[Saved data entries]
--------------------
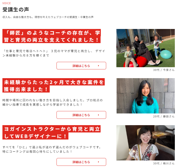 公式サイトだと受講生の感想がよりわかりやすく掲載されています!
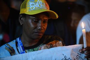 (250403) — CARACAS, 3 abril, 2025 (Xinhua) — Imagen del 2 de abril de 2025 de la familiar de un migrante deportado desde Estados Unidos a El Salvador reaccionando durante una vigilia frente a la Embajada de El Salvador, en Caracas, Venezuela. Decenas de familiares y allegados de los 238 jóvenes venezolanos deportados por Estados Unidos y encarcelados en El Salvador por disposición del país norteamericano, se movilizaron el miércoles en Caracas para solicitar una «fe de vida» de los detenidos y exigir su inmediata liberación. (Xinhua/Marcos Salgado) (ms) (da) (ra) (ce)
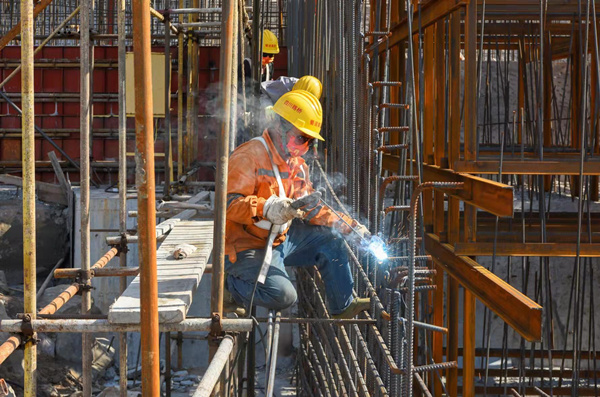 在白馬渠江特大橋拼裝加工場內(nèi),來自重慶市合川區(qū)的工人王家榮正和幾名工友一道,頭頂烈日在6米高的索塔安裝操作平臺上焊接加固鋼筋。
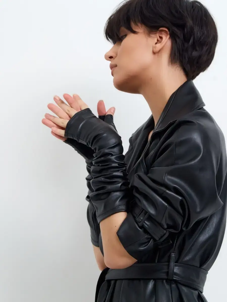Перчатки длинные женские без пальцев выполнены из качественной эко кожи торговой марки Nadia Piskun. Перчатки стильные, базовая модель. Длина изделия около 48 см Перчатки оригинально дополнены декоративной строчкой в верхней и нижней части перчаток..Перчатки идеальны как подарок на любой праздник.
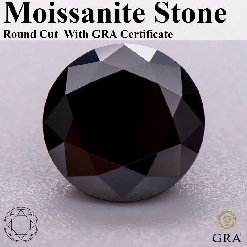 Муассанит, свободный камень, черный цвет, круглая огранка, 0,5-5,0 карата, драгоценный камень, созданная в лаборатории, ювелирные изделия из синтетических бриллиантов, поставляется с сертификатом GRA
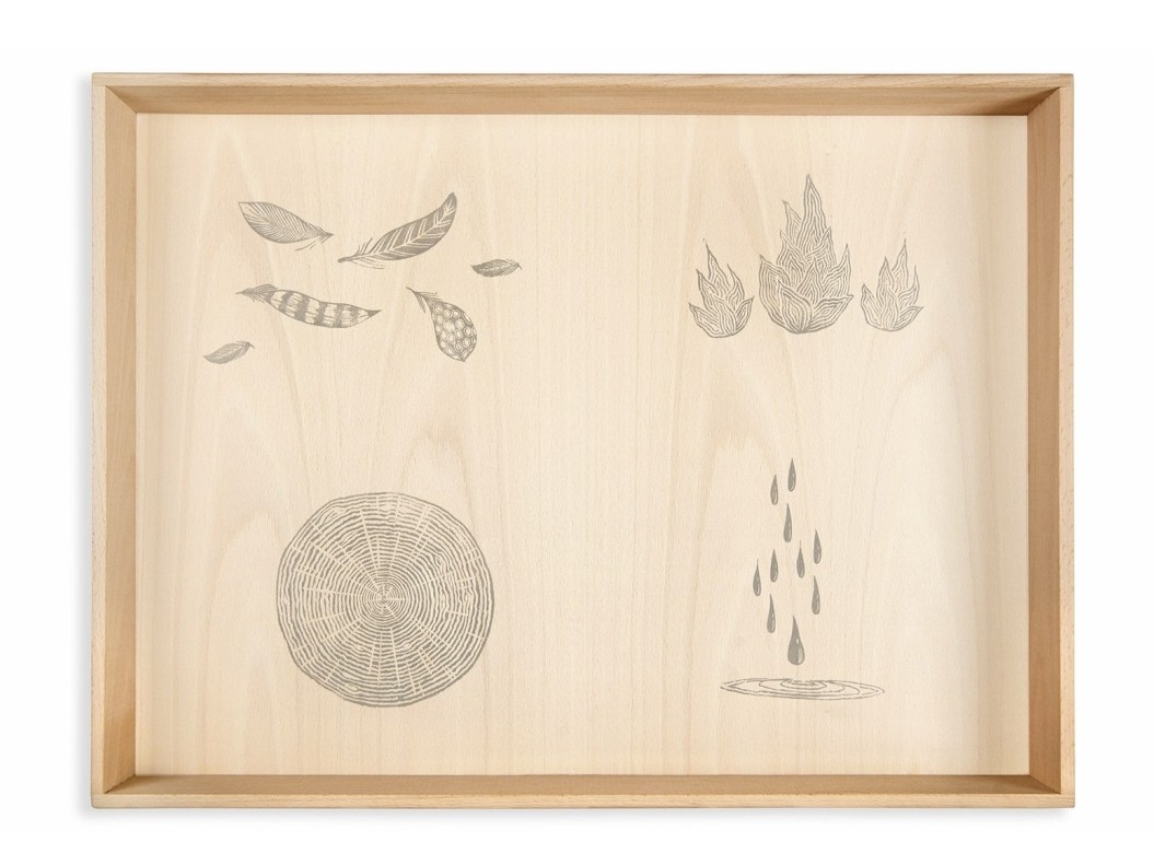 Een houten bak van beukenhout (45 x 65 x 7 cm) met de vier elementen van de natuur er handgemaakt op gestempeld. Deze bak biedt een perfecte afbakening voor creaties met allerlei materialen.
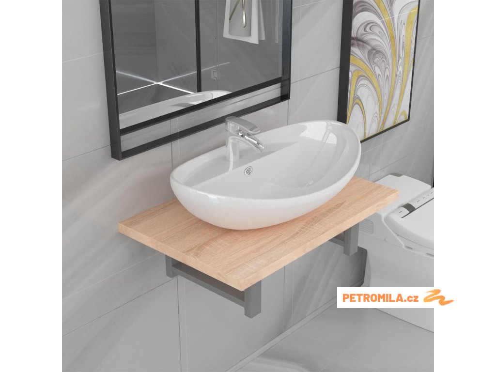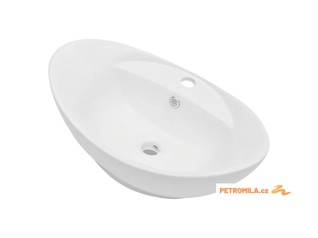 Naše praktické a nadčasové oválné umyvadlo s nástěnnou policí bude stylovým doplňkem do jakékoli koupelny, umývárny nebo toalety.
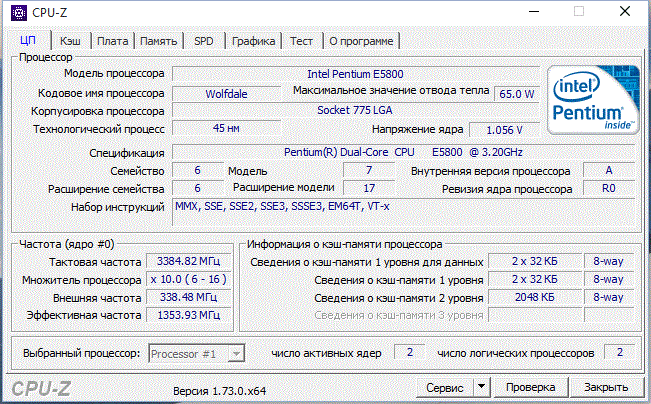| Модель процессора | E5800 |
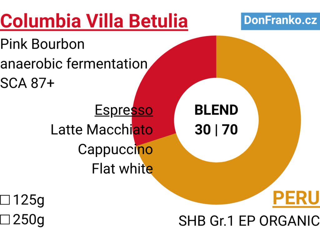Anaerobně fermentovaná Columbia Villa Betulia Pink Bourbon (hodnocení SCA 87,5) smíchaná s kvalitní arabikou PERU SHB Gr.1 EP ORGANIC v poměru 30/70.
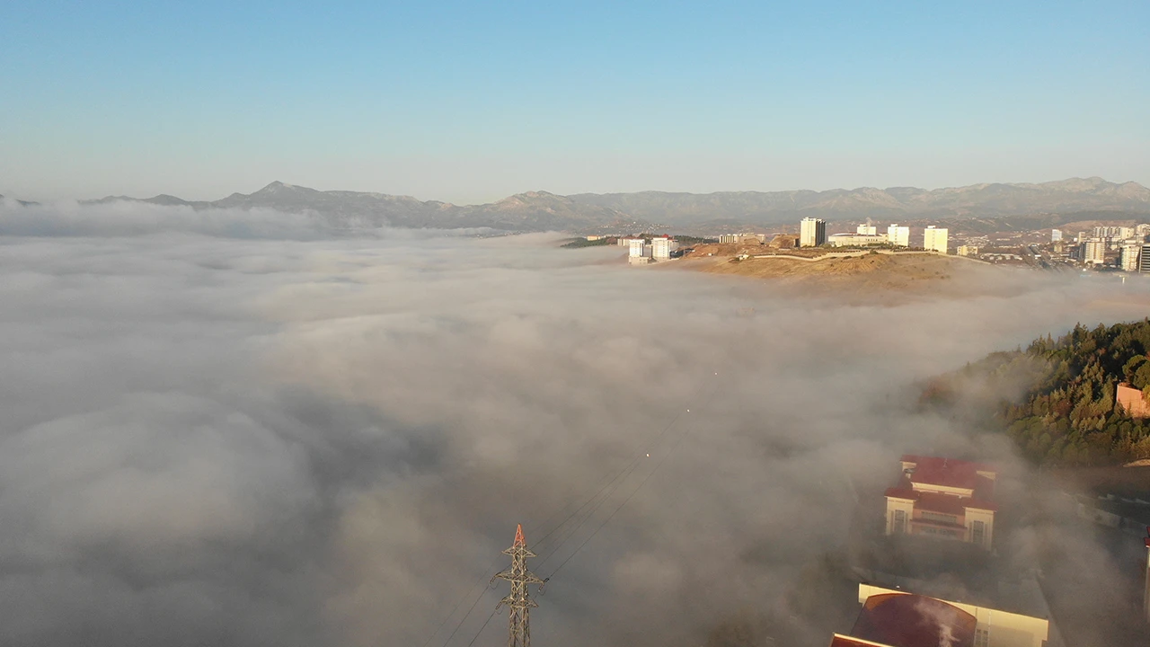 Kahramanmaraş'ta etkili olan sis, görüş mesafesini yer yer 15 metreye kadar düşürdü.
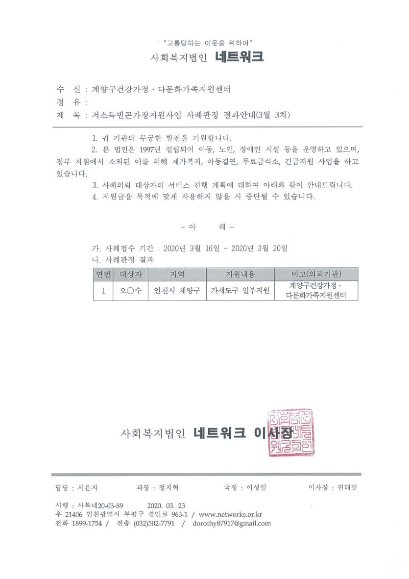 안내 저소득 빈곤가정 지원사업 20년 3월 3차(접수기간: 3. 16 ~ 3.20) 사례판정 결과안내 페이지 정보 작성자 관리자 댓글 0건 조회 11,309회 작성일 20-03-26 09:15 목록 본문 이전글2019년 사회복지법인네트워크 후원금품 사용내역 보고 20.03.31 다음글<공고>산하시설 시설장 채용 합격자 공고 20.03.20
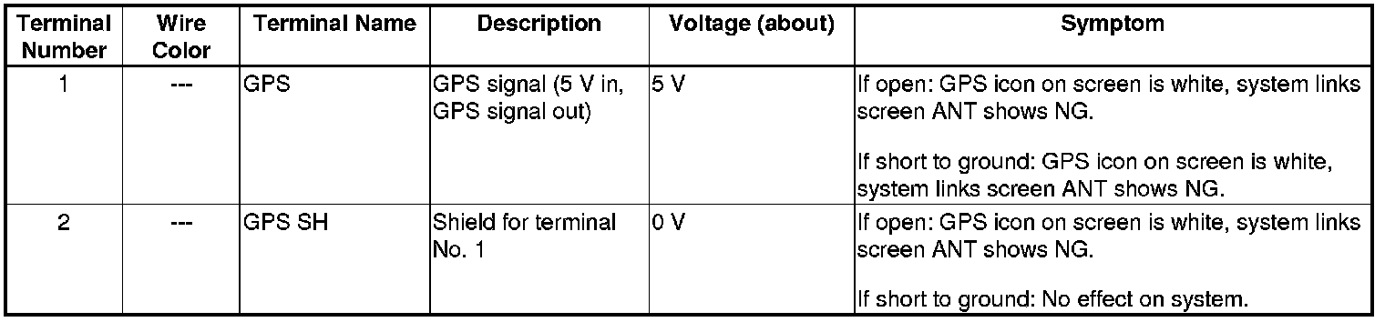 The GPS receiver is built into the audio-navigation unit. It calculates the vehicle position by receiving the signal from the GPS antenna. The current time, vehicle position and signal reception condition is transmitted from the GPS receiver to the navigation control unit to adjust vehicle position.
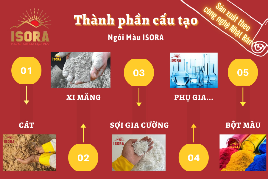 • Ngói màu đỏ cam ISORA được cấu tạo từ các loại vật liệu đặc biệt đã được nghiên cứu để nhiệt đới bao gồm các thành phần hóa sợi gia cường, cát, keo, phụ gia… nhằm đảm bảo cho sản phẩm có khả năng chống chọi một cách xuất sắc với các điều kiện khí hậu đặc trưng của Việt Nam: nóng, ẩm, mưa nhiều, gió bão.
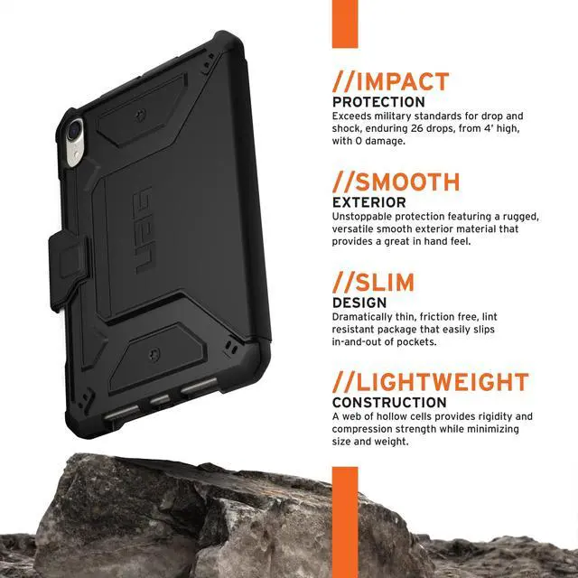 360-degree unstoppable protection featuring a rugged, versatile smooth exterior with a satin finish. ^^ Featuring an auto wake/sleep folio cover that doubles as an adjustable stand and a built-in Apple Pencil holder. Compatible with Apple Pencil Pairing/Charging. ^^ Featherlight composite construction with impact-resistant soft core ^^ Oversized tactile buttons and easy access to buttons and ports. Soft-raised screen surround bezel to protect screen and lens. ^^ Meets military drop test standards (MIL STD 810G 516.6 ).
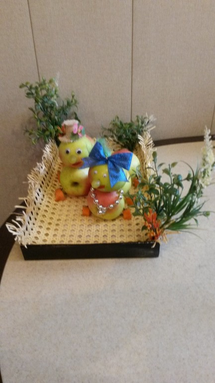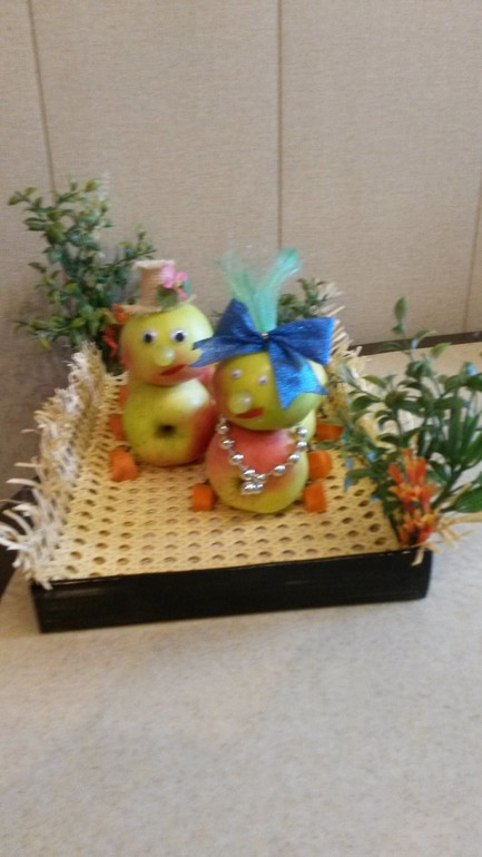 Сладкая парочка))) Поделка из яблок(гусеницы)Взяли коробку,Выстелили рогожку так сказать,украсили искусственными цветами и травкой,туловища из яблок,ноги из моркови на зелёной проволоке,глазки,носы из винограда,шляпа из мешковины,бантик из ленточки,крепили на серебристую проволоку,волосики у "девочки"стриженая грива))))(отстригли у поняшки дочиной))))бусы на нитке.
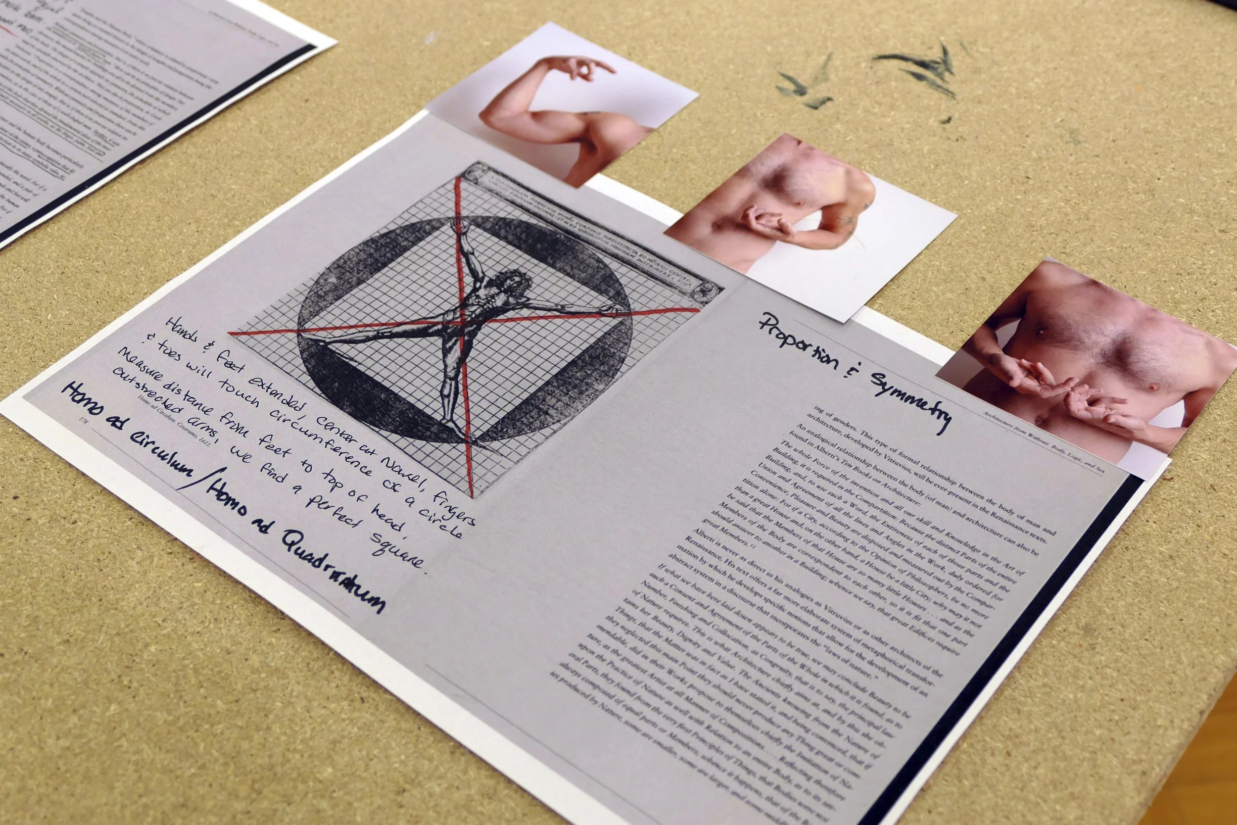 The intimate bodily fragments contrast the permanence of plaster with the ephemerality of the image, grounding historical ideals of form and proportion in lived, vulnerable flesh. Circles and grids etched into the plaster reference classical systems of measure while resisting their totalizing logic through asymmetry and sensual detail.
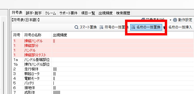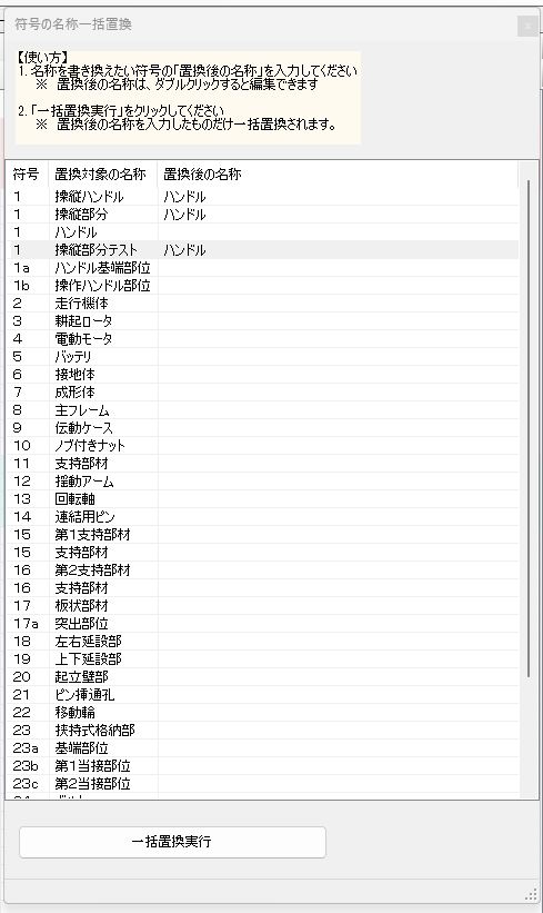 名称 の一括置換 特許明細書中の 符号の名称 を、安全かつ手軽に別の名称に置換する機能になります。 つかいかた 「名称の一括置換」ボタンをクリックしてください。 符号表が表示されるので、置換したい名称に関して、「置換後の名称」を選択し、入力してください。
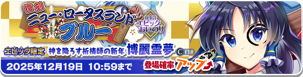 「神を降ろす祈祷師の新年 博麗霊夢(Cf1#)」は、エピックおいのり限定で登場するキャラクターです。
--------------------
WHAT IS EXPECTED
Retype every entry above exactly, leaving out the pictures.

RESULT
 公式サイトだと受講生の感想がよりわかりやすく掲載されています!
 (250403) — CARACAS, 3 abril, 2025 (Xinhua) — Imagen del 2 de abril de 2025 de la familiar de un migrante deportado desde Estados Unidos a El Salvador reaccionando durante una vigilia frente a la Embajada de El Salvador, en Caracas, Venezuela. Decenas de familiares y allegados de los 238 jóvenes venezolanos deportados por Estados Unidos y encarcelados en El Salvador por disposición del país norteamericano, se movilizaron el miércoles en Caracas para solicitar una «fe de vida» de los detenidos y exigir su inmediata liberación. (Xinhua/Marcos Salgado) (ms) (da) (ra) (ce)
 在白馬渠江特大橋拼裝加工場內(nèi),來自重慶市合川區(qū)的工人王家榮正和幾名工友一道,頭頂烈日在6米高的索塔安裝操作平臺上焊接加固鋼筋。
Перчатки длинные женские без пальцев выполнены из качественной эко кожи торговой марки Nadia Piskun. Перчатки стильные, базовая модель. Длина изделия около 48 см Перчатки оригинально дополнены декоративной строчкой в верхней и нижней части перчаток..Перчатки идеальны как подарок на любой праздник.
 Муассанит, свободный камень, черный цвет, круглая огранка, 0,5-5,0 карата, драгоценный камень, созданная в лаборатории, ювелирные изделия из синтетических бриллиантов, поставляется с сертификатом GRA
 Een houten bak van beukenhout (45 x 65 x 7 cm) met de vier elementen van de natuur er handgemaakt op gestempeld. Deze bak biedt een perfecte afbakening voor creaties met allerlei materialen.
 Naše praktické a nadčasové oválné umyvadlo s nástěnnou policí bude stylovým doplňkem do jakékoli koupelny, umývárny nebo toalety.
| Модель процессора | E5800 |
Anaerobně fermentovaná Columbia Villa Betulia Pink Bourbon (hodnocení SCA 87,5) smíchaná s kvalitní arabikou PERU SHB Gr.1 EP ORGANIC v poměru 30/70.
 Kahramanmaraş'ta etkili olan sis, görüş mesafesini yer yer 15 metreye kadar düşürdü.
 안내 저소득 빈곤가정 지원사업 20년 3월 3차(접수기간: 3. 16 ~ 3.20) 사례판정 결과안내 페이지 정보 작성자 관리자 댓글 0건 조회 11,309회 작성일 20-03-26 09:15 목록 본문 이전글2019년 사회복지법인네트워크 후원금품 사용내역 보고 20.03.31 다음글<공고>산하시설 시설장 채용 합격자 공고 20.03.20
 The GPS receiver is built into the audio-navigation unit. It calculates the vehicle position by receiving the signal from the GPS antenna. The current time, vehicle position and signal reception condition is transmitted from the GPS receiver to the navigation control unit to adjust vehicle position.
 • Ngói màu đỏ cam ISORA được cấu tạo từ các loại vật liệu đặc biệt đã được nghiên cứu để nhiệt đới bao gồm các thành phần hóa sợi gia cường, cát, keo, phụ gia… nhằm đảm bảo cho sản phẩm có khả năng chống chọi một cách xuất sắc với các điều kiện khí hậu đặc trưng của Việt Nam: nóng, ẩm, mưa nhiều, gió bão.
 360-degree unstoppable protection featuring a rugged, versatile smooth exterior with a satin finish. ^^ Featuring an auto wake/sleep folio cover that doubles as an adjustable stand and a built-in Apple Pencil holder. Compatible with Apple Pencil Pairing/Charging. ^^ Featherlight composite construction with impact-resistant soft core ^^ Oversized tactile buttons and easy access to buttons and ports. Soft-raised screen surround bezel to protect screen and lens. ^^ Meets military drop test standards (MIL STD 810G 516.6 ).
 Сладкая парочка))) Поделка из яблок(гусеницы)Взяли коробку,Выстелили рогожку так сказать,украсили искусственными цветами и травкой,туловища из яблок,ноги из моркови на зелёной проволоке,глазки,носы из винограда,шляпа из мешковины,бантик из ленточки,крепили на серебристую проволоку,волосики у "девочки"стриженая грива))))(отстригли у поняшки дочиной))))бусы на нитке.
 The intimate bodily fragments contrast the permanence of plaster with the ephemerality of the image, grounding historical ideals of form and proportion in lived, vulnerable flesh. Circles and grids etched into the plaster reference classical systems of measure while resisting their totalizing logic through asymmetry and sensual detail.
 名称 の一括置換 特許明細書中の 符号の名称 を、安全かつ手軽に別の名称に置換する機能になります。 つかいかた 「名称の一括置換」ボタンをクリックしてください。 符号表が表示されるので、置換したい名称に関して、「置換後の名称」を選択し、入力してください。
 「神を降ろす祈祷師の新年 博麗霊夢(Cf1#)」は、エピックおいのり限定で登場するキャラクターです。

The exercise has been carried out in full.